-- Provided data follows --

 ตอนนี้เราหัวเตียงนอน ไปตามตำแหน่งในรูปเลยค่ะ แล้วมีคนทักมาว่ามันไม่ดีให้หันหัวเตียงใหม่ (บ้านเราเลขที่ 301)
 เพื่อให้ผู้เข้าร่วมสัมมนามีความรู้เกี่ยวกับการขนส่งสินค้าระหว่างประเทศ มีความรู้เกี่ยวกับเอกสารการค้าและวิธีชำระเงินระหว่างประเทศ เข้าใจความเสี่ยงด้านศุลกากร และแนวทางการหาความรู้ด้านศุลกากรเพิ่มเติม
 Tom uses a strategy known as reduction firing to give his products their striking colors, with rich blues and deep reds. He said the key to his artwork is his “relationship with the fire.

-- Provided data concluded --
-- Provided data follows --

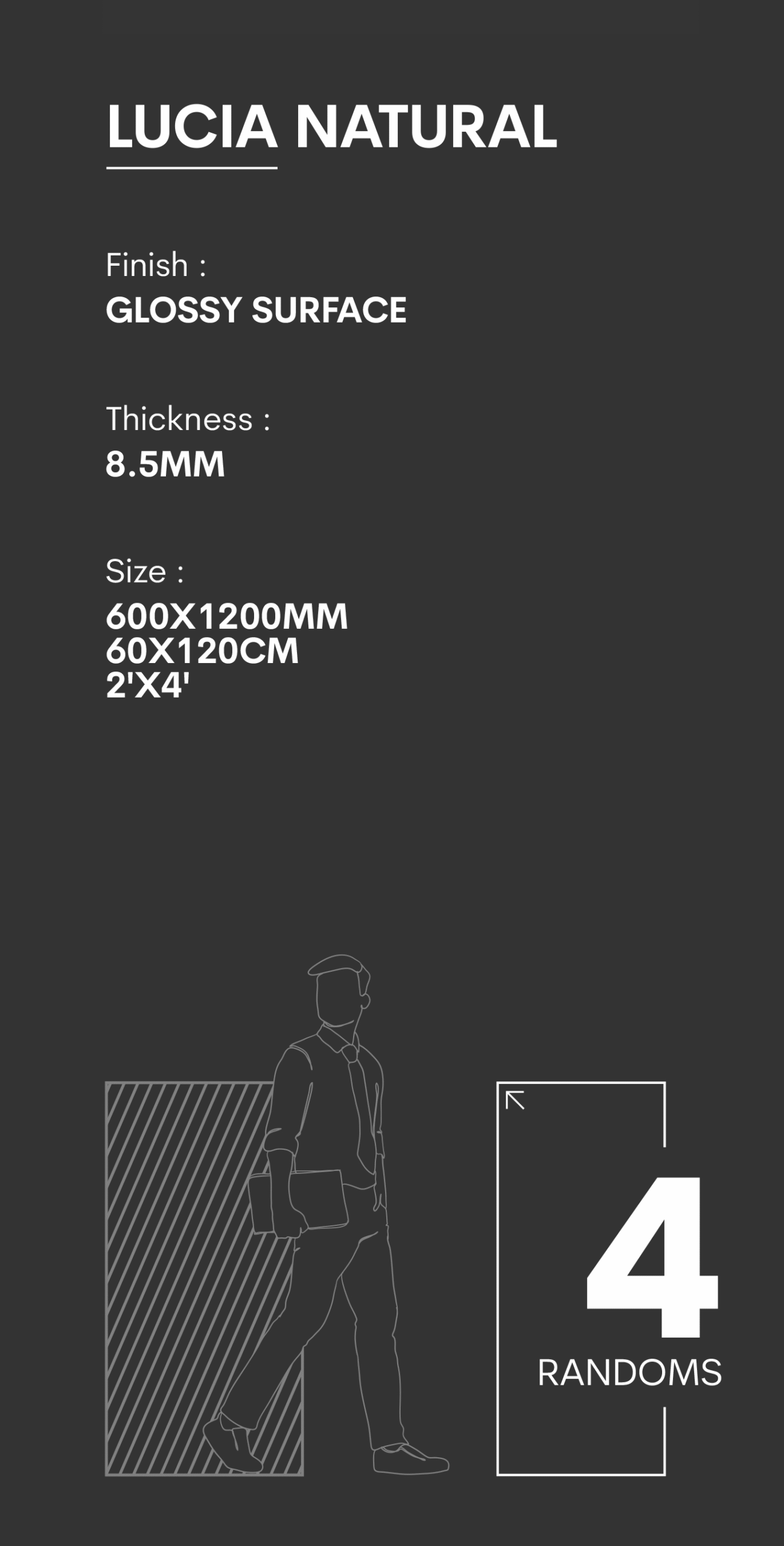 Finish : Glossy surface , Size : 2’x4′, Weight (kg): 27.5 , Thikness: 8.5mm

-- Provided data concluded --

§ **Task details**: Reproduce exactly the lines above from the line with "แล้วมีคนทักมาว่ามันไม่ดีให้หันหัวเตียงใหม่ (บ้านเราเลขที่ 301)" to the line with "Tom uses a strategy", including both, and add nothing.

§ **Result**:
 ตอนนี้เราหัวเตียงนอน ไปตามตำแหน่งในรูปเลยค่ะ แล้วมีคนทักมาว่ามันไม่ดีให้หันหัวเตียงใหม่ (บ้านเราเลขที่ 301)
 เพื่อให้ผู้เข้าร่วมสัมมนามีความรู้เกี่ยวกับการขนส่งสินค้าระหว่างประเทศ มีความรู้เกี่ยวกับเอกสารการค้าและวิธีชำระเงินระหว่างประเทศ เข้าใจความเสี่ยงด้านศุลกากร และแนวทางการหาความรู้ด้านศุลกากรเพิ่มเติม
 Tom uses a strategy known as reduction firing to give his products their striking colors, with rich blues and deep reds. He said the key to his artwork is his “relationship with the fire.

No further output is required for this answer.